What is the point of "bouncing" a mix down to stereo track in the recording software?

stratmaster713

New member
What is the point of "bouncing" a mix down to stereo track in the recording software?

What is the point of "bouncing" a mix down to stereo track in the recording software?

I use Cubase 5 FWIW

I don't get why this is common practice (or maybe it's not?) when if I want to export the file, I just export it from cubase, and it makes it a stereo file?

Am I missing something here?:confused:

Is it so when you go to master all the tracks together at once?
 
It can save processing power. If you have a slow cpu and 10 simultaneous tracks with plugins are bogging down the system and you need more tracks, you can make sure they are mixed how you want them and bounce them down (mixdown) to a stereo track with all effects applied. It's similar to the "exporting" you describe except it automagically puts the mixdown into it's own track for you and (in most cases) allows you to undo if you messed up. It's better practice to group your bounces (guitar tracks to one track, drums to another, etc.) instead of the simplified way I just described. If you aren't hitting this kind of CPU wall in your projects it is something you will rarely use.
 
It can save processing power. If you have a slow cpu and 10 simultaneous tracks with plugins are bogging down the system and you need more tracks, you can make sure they are mixed how you want them and bounce them down (mixdown) to a stereo track with all effects applied.
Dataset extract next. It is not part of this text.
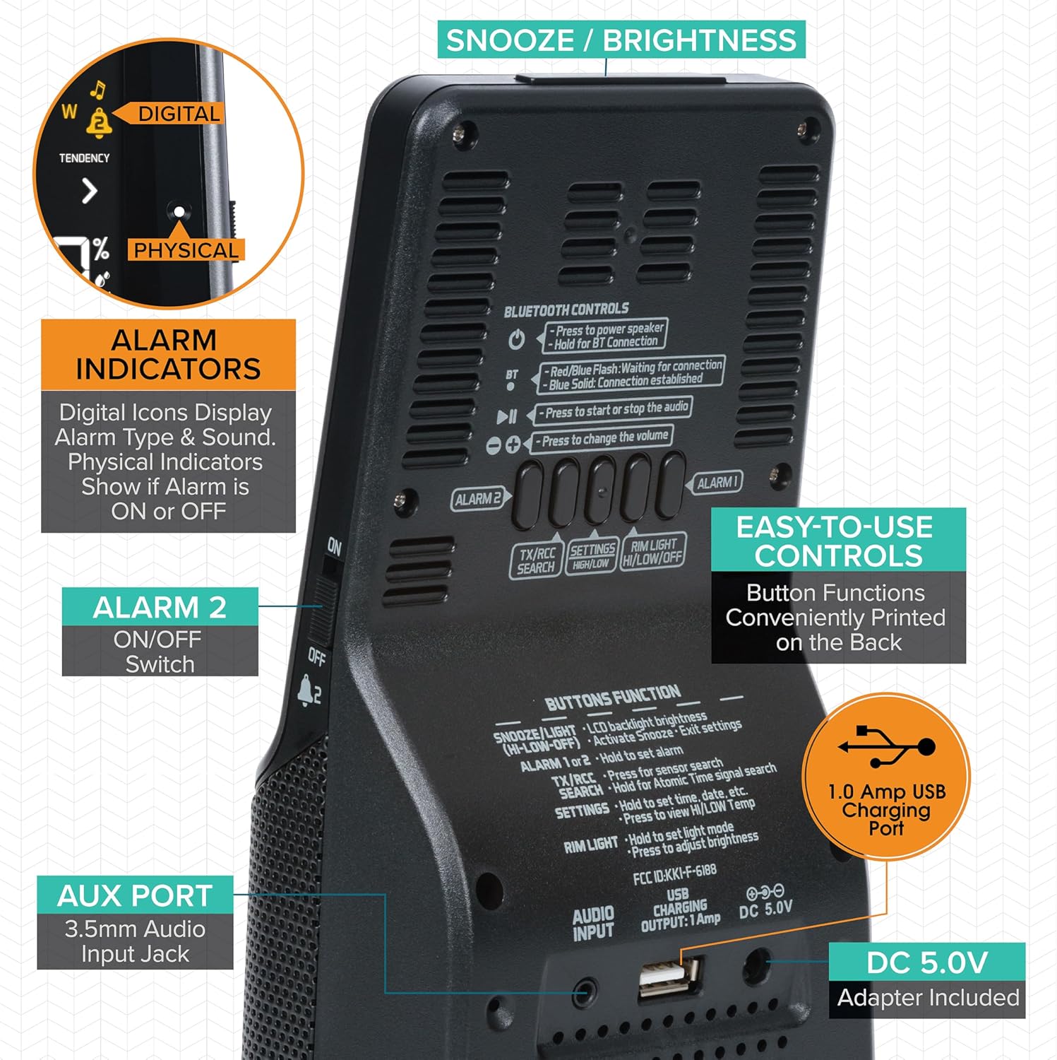 Clear and dynamic music plays your from your smartphone (or audio jack) using front panel buttons with its fast Bluetooth connection. Sleek, metallic mesh speaker and stylish case and displays the current temperatures (F/C) and humidity with colorful bright LCD indicating seconds, dual alarms and self setting atomic time and date. Charge a mobile device on the back of the clock using USB port (1 AMP max.)
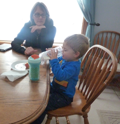 Lunch at Great-grandpa Les and Great-grandma Muriel's house. They let me drink out of the boot.

It's similar to the "exporting" you describe except it automagically puts the mixdown into it's own track for you and (in most cases) allows you to undo if you messed up. It's better practice to group your bounces (guitar tracks to one track, drums to another, etc.) instead of the simplified way I just described. If you aren't hitting this kind of CPU wall in your projects it is something you will rarely use.

^^^THIS^^^

I have the CPU wall. I do it all the time.